Exercise brief
Print only the lines below, from the very first to the one containing "Precision traveling wire", exactly as they stand. Do not print pictures.

** Material to process follows **

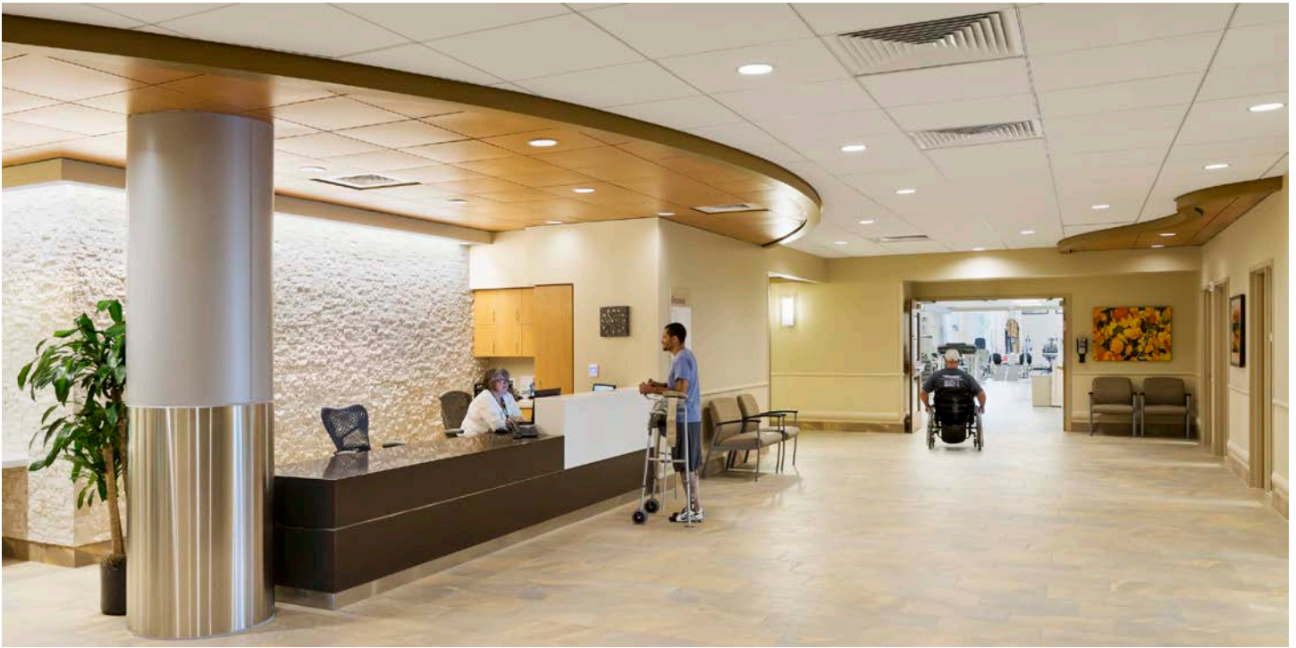
Caption: The use of natural tones, rich textiles and regionally-inspired artwork by RTA and SmithgroupJJR at Craig Hospital provides a balanced palette, while textured stone and colorful landscapes highlight key areas and wayfinding.
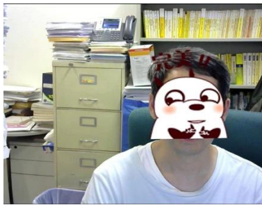
Figure 1 'Face' Meeting
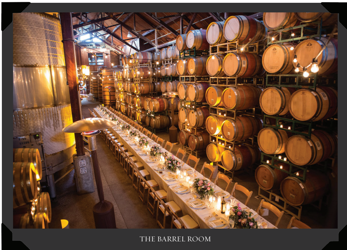
THE BARREL ROOM
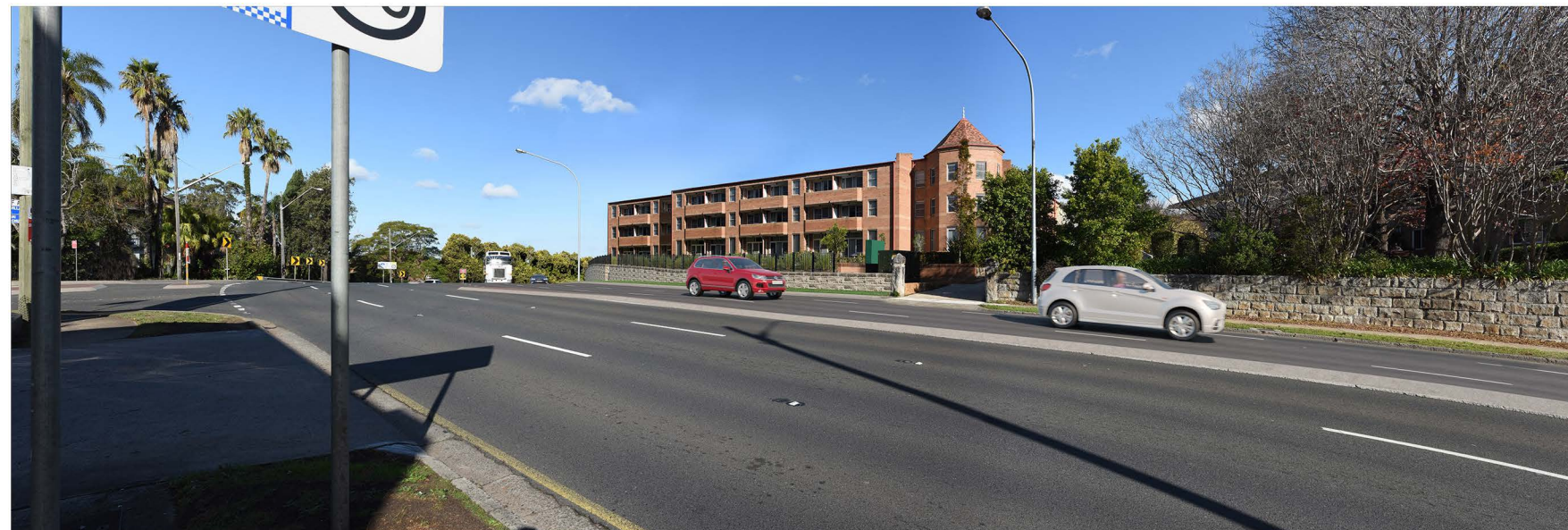
Visualisation of Proposal (Just After Construction) - Between Coonanbarra Road and Redleaf Avenue intersections opposite "Estha Gates"/ Thomas and Rosetta Agst Aged Care Facility (looking south east)

*Proposed roadside planting indicative only and subject to future consultation with property owners
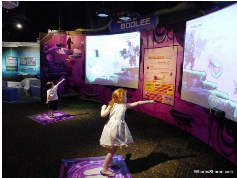
Competition time at Singapore Science Centre

This big science museum has plenty to keep the kids entertained and educated. There are many rooms and areas and it seemingly goes on and on – we were there 4 hours and saw just over half – and it felt like we raced through!
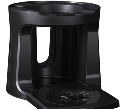
STAND ASSY KIT, TF SERVER
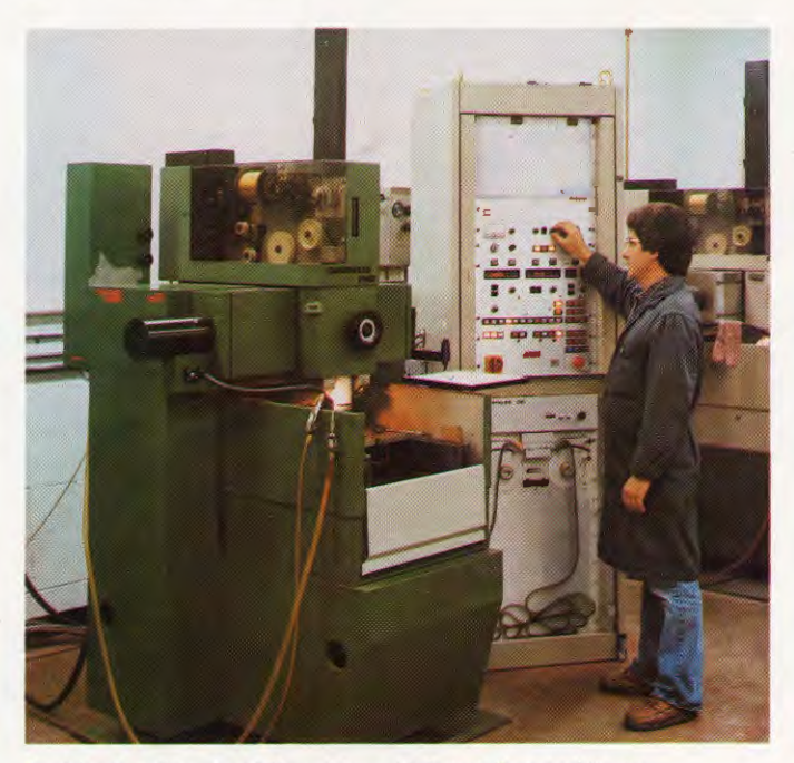
Precision traveling wire EDM machines at Interlock Technical Center.

If you're involved in high speed, precision stamping, you can't afford not to investigate the Pulsar . Its unique combination of high speed and consistent accuracy can help you gain a competitive edge.

** End of Material to process **

Answer to this task
Caption: The use of natural tones, rich textiles and regionally-inspired artwork by RTA and SmithgroupJJR at Craig Hospital provides a balanced palette, while textured stone and colorful landscapes highlight key areas and wayfinding.
Figure 1 'Face' Meeting
THE BARREL ROOM
Visualisation of Proposal (Just After Construction) - Between Coonanbarra Road and Redleaf Avenue intersections opposite "Estha Gates"/ Thomas and Rosetta Agst Aged Care Facility (looking south east)

*Proposed roadside planting indicative only and subject to future consultation with property owners
Competition time at Singapore Science Centre

This big science museum has plenty to keep the kids entertained and educated. There are many rooms and areas and it seemingly goes on and on – we were there 4 hours and saw just over half – and it felt like we raced through!
STAND ASSY KIT, TF SERVER
Precision traveling wire EDM machines at Interlock Technical Center.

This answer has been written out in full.